﻿ Measures of Relationship Graziano & Raulin
Research Methods (8th edition)

## Measures of Relationship

Chapter 5 of the textbook introduced you to the three most widely used measures of relationship: the Pearson product-moment correlation, the Spearman rank-order correlation, and the Phi correlation. We will be covering these statistics in this section, as well as other measures of relationship among variables.

### What is a Relationship?

Correlation coefficients are measures of the degree of relationship between two or more variables. When we talk about a relationship, we are talking about the manner in which the variables tend to vary together. For example, if one variable tends to increase at the same time that another variable increases, we would say there is a positive relationship between the two variables. If one variable tends to decrease as another variable increases, we would say that there is a negative relationship between the two variables. It is also possible that the variables might be unrelated to one another, so that you cannot predict one variable by knowing the level of the other variable.

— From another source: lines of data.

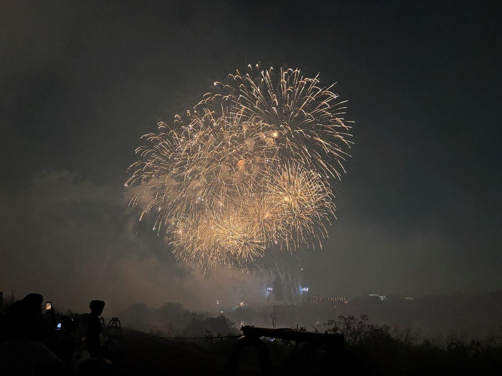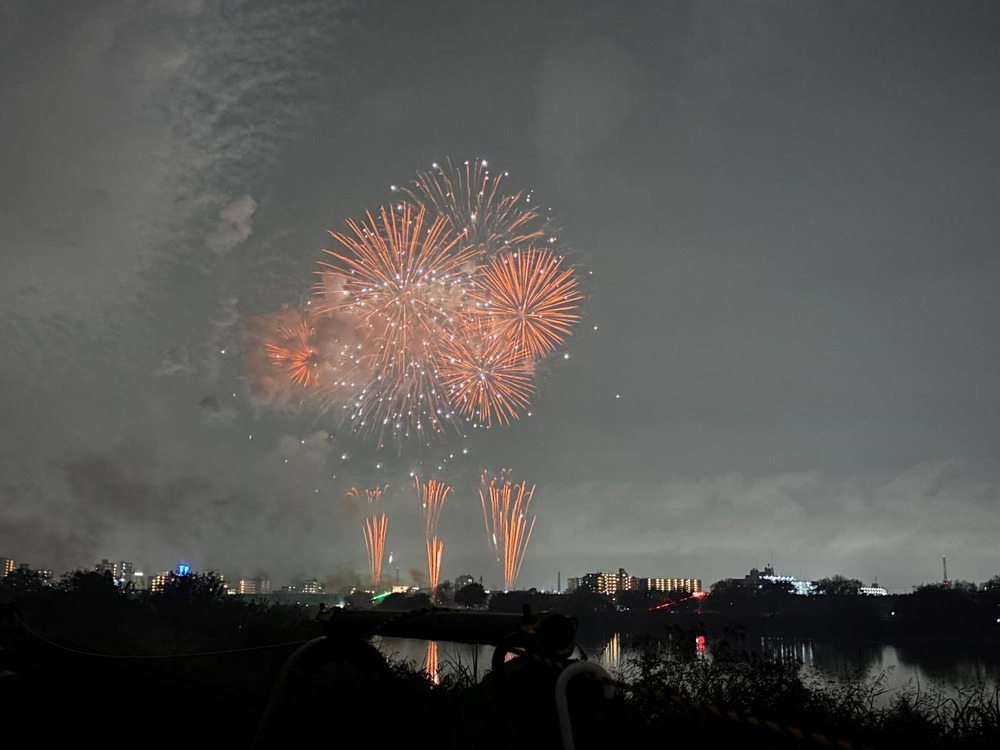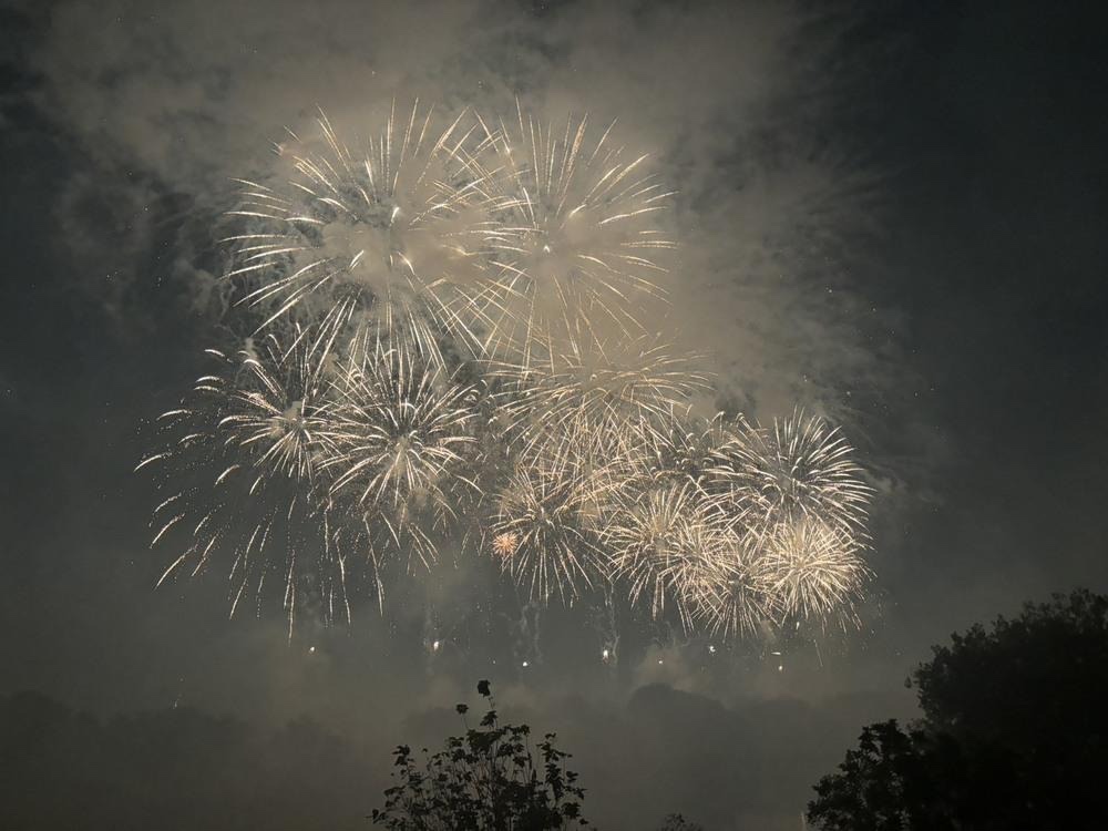 写真撮影のタイミングが難しく、実物よりも花火が見えにくくなってしまいましたが、この大きさや迫力は伝わりますでしょうか?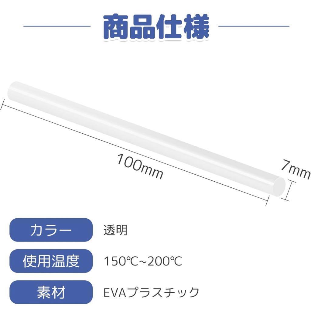 グルースティック 100本入 透明 ホットメルト 7mm*100mm グルーガン 強力粘着 高温ボンドガン ピタガン替え用 柔軟 無臭 速乾 DIY 修理用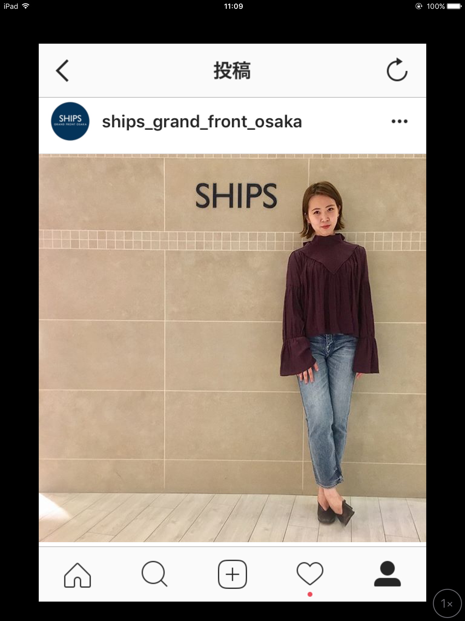 ELINの新作を着用したコーディネートや、 この秋冬おすすめのコーディネートも インスタグラム @ships_grand_front_osaka からもご覧頂けます。 是非、皆様フォローしてくださいね 皆様のご来店スタッフ一同お待ち申し上げます。
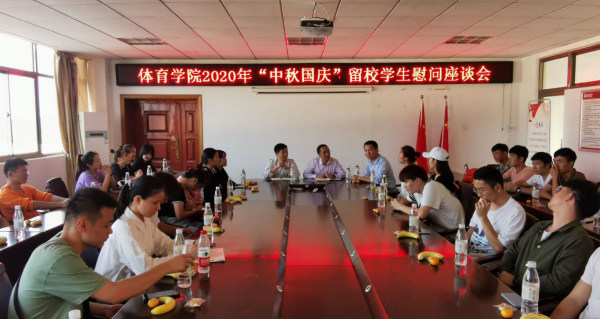 9月30日下午,体育学院体育馆三楼会议室其乐融融,气氛热烈!学院在此召开了 2020年中秋国庆留校学生慰问座谈会。体育学院党委副书记高栋梁出席会议,体育学院大一到大四各年级留校学生共计30余人参加了会议。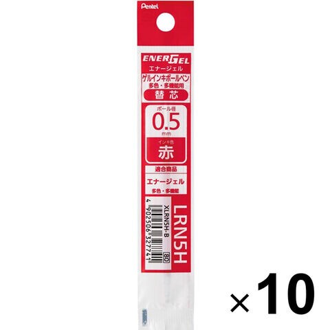 ぺんてる エナージェル 多色・多機能用 ボールペン替芯 XLRN5H 0.5mm 赤 10個セット

As a child grows from an infant into a toddler into a young child, both the child's height and weight tend to change. Those changes are not always tightly locked to one another, but they do tend to occur together. So if we took a sample of children from a few weeks old to 3 years old and measured the height and weight of each child, we would likely see a positive relationship between the two.

A relationship between two variables does not necessarily mean that one variable causes the other. When we see a relationship, there are three possible causal interpretations. If we label the variables A and B, A could cause B, B could cause A, or some third variable (we will call it C) could cause both A and B.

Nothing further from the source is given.